The jsmn.h header only C libary is licensed under the MIT license, see the file for more information. This library is available at https://github.com/zserge/jsmn. It is used for parsing/tokenizing JSON.

To Do / Wish list

  • Implement JSON Serialization
  • Add documentation on how to use this library
  • Allow some control over formatting when pretty printing (spaces vs tabs, etcetera).
  • Add a function for calculating the size needed to store a serialized string.
  • Implement JSON Deserialization
  • A slightly different way of doing things may be to include a 'used' and 'length' field in 'jser_element_t' and turn those into arrays when encountered, this would allow us to remove the array type and also easily serialize/deserialize arrays of C objects. This also means we could remove the 'jser_t' structure.
  • A foreach function that visits each node may be useful (especially if you can control the visitation order), this could have been used to construct a function for serialization.
  • Add a function for copying a configuration from a pool of nodes, this will be required if multiple instances of the same object need to be serialized/ deserialized.
  • Add more unit tests, and assertions.
    • Test failure cases in unit test such as recursion depth, running out of space in the output buffer...
    • Test input can cope with Windows style newlines
  • Allow custom types to be serialized with callbacks. This would mostly be useful for enumerated types. All that is required is a 'convert to string' function for that enumeration to be registers.

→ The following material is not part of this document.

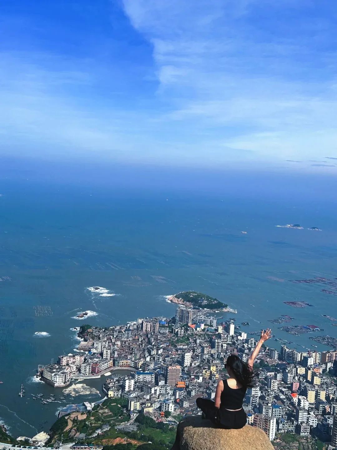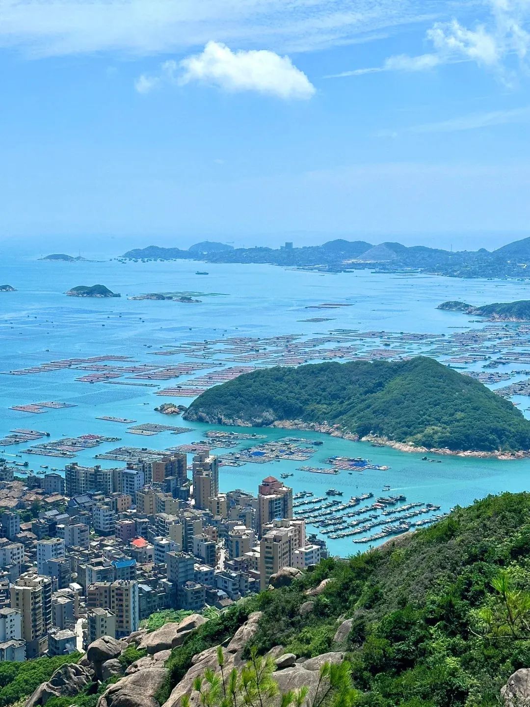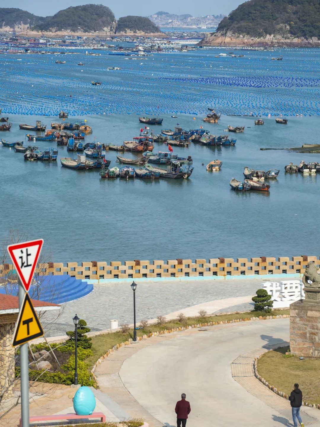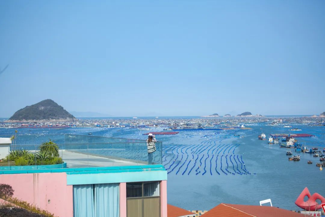 站在村口的平台上,目光望向海面,海上牧场的养殖浮筏整齐排列,随波轻轻晃动,宛如蓝色的琴弦。一艘艘渔船点缀其间,或停泊,或穿梭,渔民们忙碌的身影,为这片宁静的海域增添了几分烟火气。

  • Instead of storing pointers to small value types (such as long integers and booleans), we could store the data in 'jser_t' element itself, or have, and option to do so, this only make sense if we have functions for retrieving fields by attribute, or the path to that attribute (via a functional equivalent to XPath for example). That retrieval function would be useful regardless of where we store out data.
  • It is possible to use this library to produce a (simple) schema trivially. This could be done by modifying the serialization functions to print out types. See https://json-schema.org/learn/miscellaneous-examples.html and https://json-schema.org/specification.html for more information.
  • The current system serializes to and from strings, however it is possible to serialize to a callback, which would allow processing data directly from a communications channel with as little copying as possible. It is partially possible to do this with deserialization as the [jsmn][] library can tell use when it has failed to parse the incoming data because only a partial packet has been received, but this requires much more thought/rework.
  • This library would be well worth fuzzing.